LaSSM: Efficient Semantic-Spatial Query Decoding via Local Aggregation and State Space Models for 3D Instance Segmentation
Lei Yao, Yi Wang, Yawen Cui, Moyun Liu, Lap-Pui Chau
TL;DR
LaSSM addresses two core bottlenecks in query-based 3D instance segmentation from point clouds: how to initialize a high-quality set of queries and how to refine them efficiently. It introduces a hierarchical semantic-spatial query initializer that derives query contents and coordinates from superpoints by jointly considering semantic cues and spatial distribution, and a coordinate-guided state space model (SSM) decoder with a local aggregation module and a spatial dual-path SSM to refine queries with positional awareness. Through extensive ablations, the authors demonstrate that the initializer improves coverage and convergence, while the decoder provides efficient, accurate refinement with reduced computational cost. The method yields state-of-the-art results on ScanNet++ V2 with only about one-third of the FLOPs and shows competitive performance on multiple indoor benchmarks, highlighting its practical impact for scalable large-scale 3D scene understanding.
Abstract
Query-based 3D scene instance segmentation from point clouds has attained notable performance.

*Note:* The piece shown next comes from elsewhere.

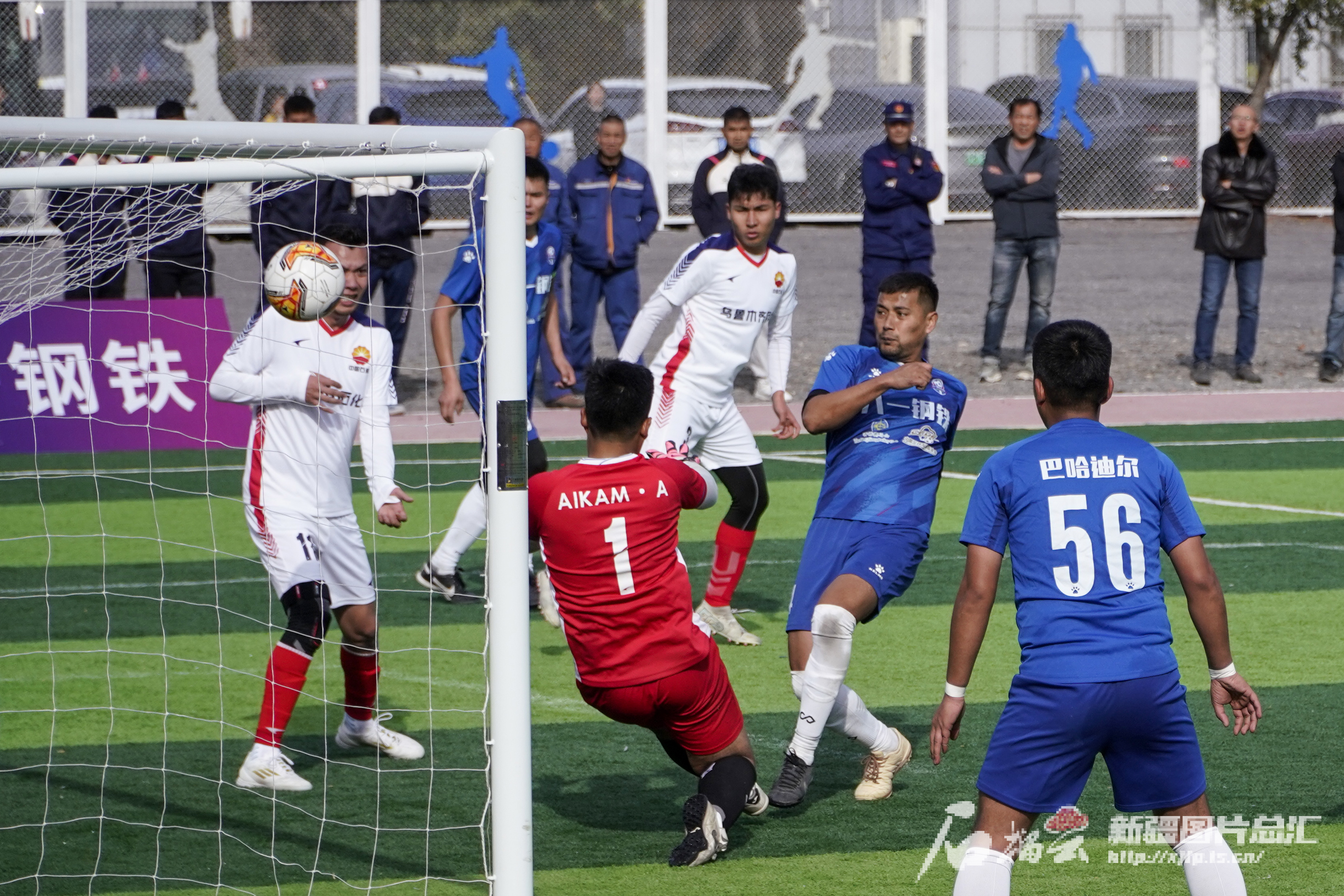 10月19日,新疆“工会杯”2024年度职工运动会足球比赛乙组决赛中,中国石油乌鲁木齐石化公司工会足球代表队守门员奋力扑救。石榴云/新疆日报记者 杨伟摄
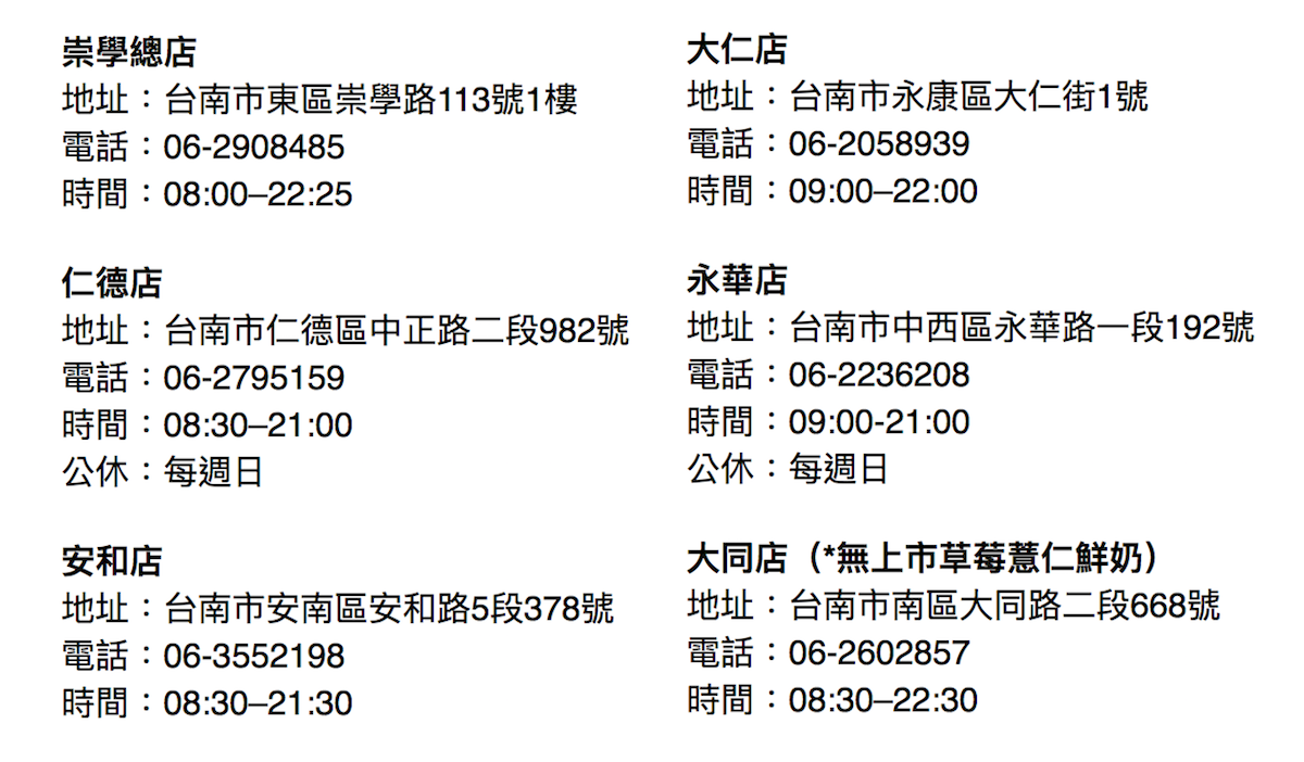 ▼雖然是在台南的飲料店,但是飲料都真的可以調整甜度,不用擔心會太甜啦XD;另外提醒想去喝季節限定「草莓薏仁鮮奶」的人,這款飲品每日限量,並且只在崇學總店、仁德店、安和店、大仁店、永華店五間門市才有喔,千萬不要撲空了!想要看菜單、更多詳細新品資訊,也可以到第一站的Facebook上查詢。

However, existing methods suffer from the query initialization dilemma due to the sparse nature of point clouds and rely on computationally intensive attention mechanisms in query decoders. We accordingly introduce LaSSM, prioritizing simplicity and efficiency while maintaining competitive performance. Specifically, we propose a hierarchical semantic-spatial query initializer to derive the query set from superpoints by considering both semantic cues and spatial distribution, achieving comprehensive scene coverage and accelerated convergence. We further present a coordinate-guided state space model (SSM) decoder that progressively refines queries. The novel decoder features a local aggregation scheme that restricts the model to focus on geometrically coherent regions and a spatial dual-path SSM block to capture underlying dependencies within the query set by integrating associated coordinates information. Our design enables efficient instance prediction, avoiding the incorporation of noisy information and reducing redundant computation. LaSSM ranks first place on the latest ScanNet++ V2 leaderboard, outperforming the previous best method by 2.5% mAP with only 1/3 FLOPs, demonstrating its superiority in challenging large-scale scene instance segmentation. LaSSM also achieves competitive performance on ScanNet, ScanNet200, S3DIS and ScanNet++ V1 benchmarks with less computational cost. Extensive ablation studies and qualitative results validate the effectiveness of our design. The code and weights are available at https://github.com/RayYoh/LaSSM.